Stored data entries
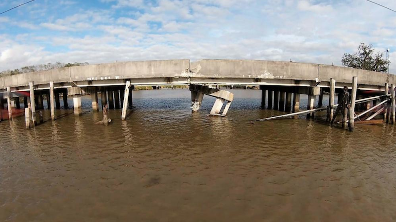 On Dec. 23, 2021, at approximately 3:26 a.m., a towing vessel pushing six barges was traveling southeast along the Avoca Island Cutoff waterway when one of the lead barges in the tow struck the Bayou Ramos Bridge. Coast Guard personnel at Marine Safety Unit Morgan City received notification about damage to the bridge several hours later and identified the responsible party. However, that party was not identified in this report.
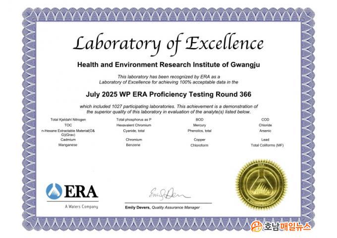 ±¤ÁÖº¸°Çȯ°æ¿¬±¸¿øÀº À̹ø ¼º°ú·Î 10³â ¿¬¼Ó ±¹Á¦ ¼÷·Ãµµ½ÃÇè¿¡¼ ¿ì¼öÇÑ Æò°¡¸¦ À̾¸ç, ÀϰüµÈ ǰÁú°ü¸® ü°è¿Í ¼¼°èÀû ¼öÁØÀÇ ºÐ¼®´É·ÂÀ» ÀçÈ®ÀÎÇß´Ù. ¸Å³â ÀÚ¹ßÀûÀ¸·Î ½ÃÇè¿¡ Âü¿©ÇØ Á¤È®¼º°ú °ø½Å·ÂÀ» °ËÁõ¹Þ°í ÀÖÀ¸¸ç, ½Ã¹ÎÀÇ ½Å·Ú È®º¸¸¦ À§ÇÑ Ã¼°èÀû ³ë·ÂÀ» Áö¼ÓÇϰí ÀÖ´Ù.
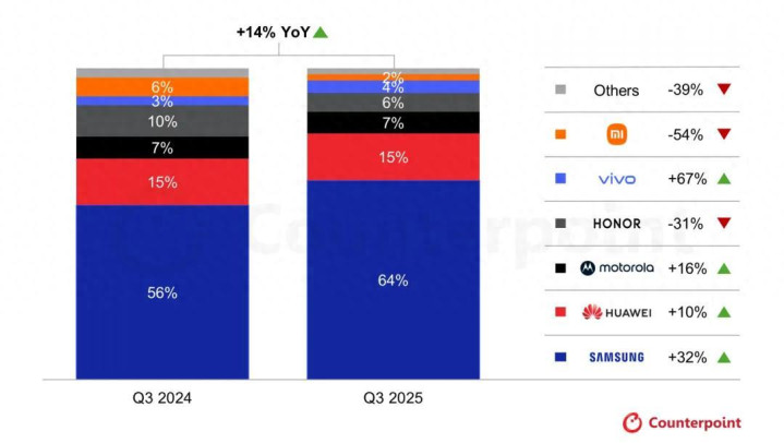 排名第一的是三星,它的市场份额为64%,同比增长32%,是全球智能手机市场的霸主。作为横向对比,在2024年Q3榜单中,三星以56%的市场份额排名第一,比第二名高出41%。出货量提升的原因很简单,三星Galaxy Z Fold7机身更轻薄更坚固,吸引了更多的消费者选购,销量方面超出了预期。同时三星Galaxy Z Flip7系列成绩也不错,最近还发布了旗下首款三折叠产品,第四季度的成绩依旧未来可期。
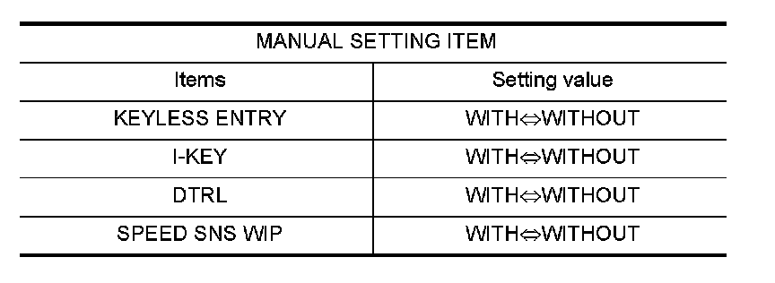 Depending on CONSULT-III software version being used, some or all of the write configuration items shown in the following configuration lists may be displayed. If an item does not display on the CONSULT-III "WRITE
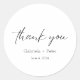 Mit unseren Minimalistischen Black & White Wedding Dankeschön an die klassischen Round Stickers. Diese Aufkleber in modernem und elegantem Design ergänzen Ihre Gastgeschenke Hochzeiten oder Dankeschön-Noten. Der minimalistische Charme und die handgeschriebene Schrift-Typografie verleihen Ihren Wertschätzungen eine Touch von Eleganz. Machen Sie mit diesen schicken Aufklebern jeden 'Dankeschön' auffällig!
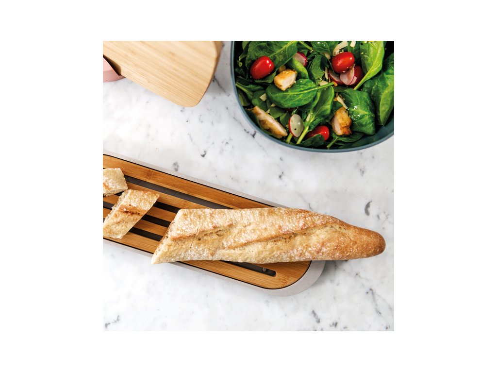 Bambusová doska na krájanie, ktorá je určená na chleba, pečivo a najmä na dlhé bagety. Skladá sa z podnosu na omrvinky a dosky s otvormi. Týmto setom udržíte vašu domácnosů v poriadku a ani mravček si nedovolí vstúpi&ť do vašej domácnosů.
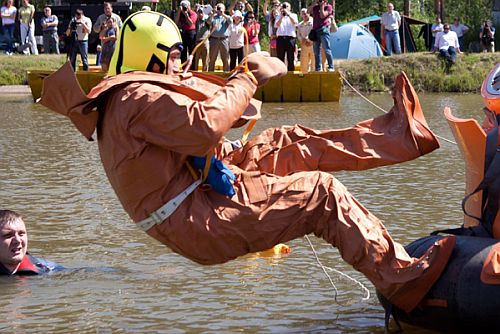 There are hydraulic combination suits (3 pcs stowed in one soft package) which are individual survival aids in case of the CA water surface splashdown. The suits have two eye-loops each to enable the crewman to be lifted from the water surface on board the hovering helicopter.

• _Exercise requirements_: All of the records above are to be copied exactly, minus the pictures.

• _Task response_:
 On Dec. 23, 2021, at approximately 3:26 a.m., a towing vessel pushing six barges was traveling southeast along the Avoca Island Cutoff waterway when one of the lead barges in the tow struck the Bayou Ramos Bridge. Coast Guard personnel at Marine Safety Unit Morgan City received notification about damage to the bridge several hours later and identified the responsible party. However, that party was not identified in this report.
 ±¤ÁÖº¸°Çȯ°æ¿¬±¸¿øÀº À̹ø ¼º°ú·Î 10³â ¿¬¼Ó ±¹Á¦ ¼÷·Ãµµ½ÃÇè¿¡¼ ¿ì¼öÇÑ Æò°¡¸¦ À̾¸ç, ÀϰüµÈ ǰÁú°ü¸® ü°è¿Í ¼¼°èÀû ¼öÁØÀÇ ºÐ¼®´É·ÂÀ» ÀçÈ®ÀÎÇß´Ù. ¸Å³â ÀÚ¹ßÀûÀ¸·Î ½ÃÇè¿¡ Âü¿©ÇØ Á¤È®¼º°ú °ø½Å·ÂÀ» °ËÁõ¹Þ°í ÀÖÀ¸¸ç, ½Ã¹ÎÀÇ ½Å·Ú È®º¸¸¦ À§ÇÑ Ã¼°èÀû ³ë·ÂÀ» Áö¼ÓÇϰí ÀÖ´Ù.
 排名第一的是三星,它的市场份额为64%,同比增长32%,是全球智能手机市场的霸主。作为横向对比,在2024年Q3榜单中,三星以56%的市场份额排名第一,比第二名高出41%。出货量提升的原因很简单,三星Galaxy Z Fold7机身更轻薄更坚固,吸引了更多的消费者选购,销量方面超出了预期。同时三星Galaxy Z Flip7系列成绩也不错,最近还发布了旗下首款三折叠产品,第四季度的成绩依旧未来可期。
 Depending on CONSULT-III software version being used, some or all of the write configuration items shown in the following configuration lists may be displayed. If an item does not display on the CONSULT-III "WRITE
 Mit unseren Minimalistischen Black & White Wedding Dankeschön an die klassischen Round Stickers. Diese Aufkleber in modernem und elegantem Design ergänzen Ihre Gastgeschenke Hochzeiten oder Dankeschön-Noten. Der minimalistische Charme und die handgeschriebene Schrift-Typografie verleihen Ihren Wertschätzungen eine Touch von Eleganz. Machen Sie mit diesen schicken Aufklebern jeden 'Dankeschön' auffällig!
 Bambusová doska na krájanie, ktorá je určená na chleba, pečivo a najmä na dlhé bagety. Skladá sa z podnosu na omrvinky a dosky s otvormi. Týmto setom udržíte vašu domácnosů v poriadku a ani mravček si nedovolí vstúpi&ť do vašej domácnosů.
 There are hydraulic combination suits (3 pcs stowed in one soft package) which are individual survival aids in case of the CA water surface splashdown. The suits have two eye-loops each to enable the crewman to be lifted from the water surface on board the hovering helicopter.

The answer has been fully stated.